Hillman argues that the requirement of at least two partners is definitional (“a partnership means an association of two or more”), and that a one person organization cannot be a partnership. Weidner, on the other hand, argues that while two persons are required to “form” a partnership under the Revised UPA, but that once formed the question becomes “what are the rules that wind down or extinguish the existence of those entities,” and that the single-person term (or particular purpose) partnership continues until the buyout of the penultimate partner. Hillman counters that “You [Weidner] emphasize the importance of an uncompleted buyout in assessing the status of the partnership following the penultimate partner’s dissociation. I disagree. Whether the partnership continues for purposes of keeping the fiction of the partnership alive should not depend on whether the buyout has been completed.” Weidner continues to “answer the much more fundamental question: is there still a partnership after the buyout is complete: My answer is yes. The partnership entity continues the business.”
I loved reading this exchange, in part because I know both authors fairly well, highly respect them, and hear their voices in the conversation. Also, some of the discussion mirrors (on a more sophisticated level) conversations I had approximately 7 years ago with a Colorado friend who has been very active for many years in drafting Colorado business organization legislation. He took Weidner’s perspective; I took Hillman’s. Vestal and I also encouraged a student law review note on this topic – see Wortham, Revised Uniform Partnership Act: Anomalies of a Simplified, Modernized Partnership Law, 92 Ky. L. J. 1083 (2004).
Although I still side with Hillman in this debate, and think that the two or more persons language is definitional and that a “partnership with only one member is an oxymoron,” that is not really the point of this posting. I simply see no reason not to avoid the issue by statutory drafting. I think the stakes can be large, and issues may include:
1. Buy-out provisions as discussed by Hillman and Weidner.
2. Assume a limited liability partnership, what happens to limited liability protections when there is only one partner (and business is carried on, as a sole proprietorship)?

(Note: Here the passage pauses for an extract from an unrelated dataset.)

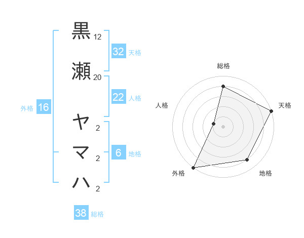 黒瀬 ヤマハさんの総格は38画の4点!

3. Assume a partnership holding real property, what happens on dissociation of the penultimate partner? RUPA §302 provides, “If a person holds all of the partners’ interests in the partnership, all the partnership property vests in that person.” But are due-on sale provisions triggered? How about lender consent requirements? How about restrictions on property transfer? Are rights of first refusal triggered? What is the effect on title insurance (and does the rarely cited Fairways decision rear its ugly head)?
Rather than mess with this stuff, I would encourage consideration of statutory language permitting continuation of the partnership entity if the penultimate partner dissociates and the remaining partner continues the business. I drafted language for this a few years ago and, although it has disappeared into some pile or into a recycling bin, my recollection is that it was not difficult. When faced with a difficult conceptual issue, which is posed by statutory language, one answer is to fix the statute. This is pragmatic; and it is not absolutist/contractarian. There is no “natural law” of partnerships. LLCs prove the value of flexibility. I obviously kind of like the pragmatic approach.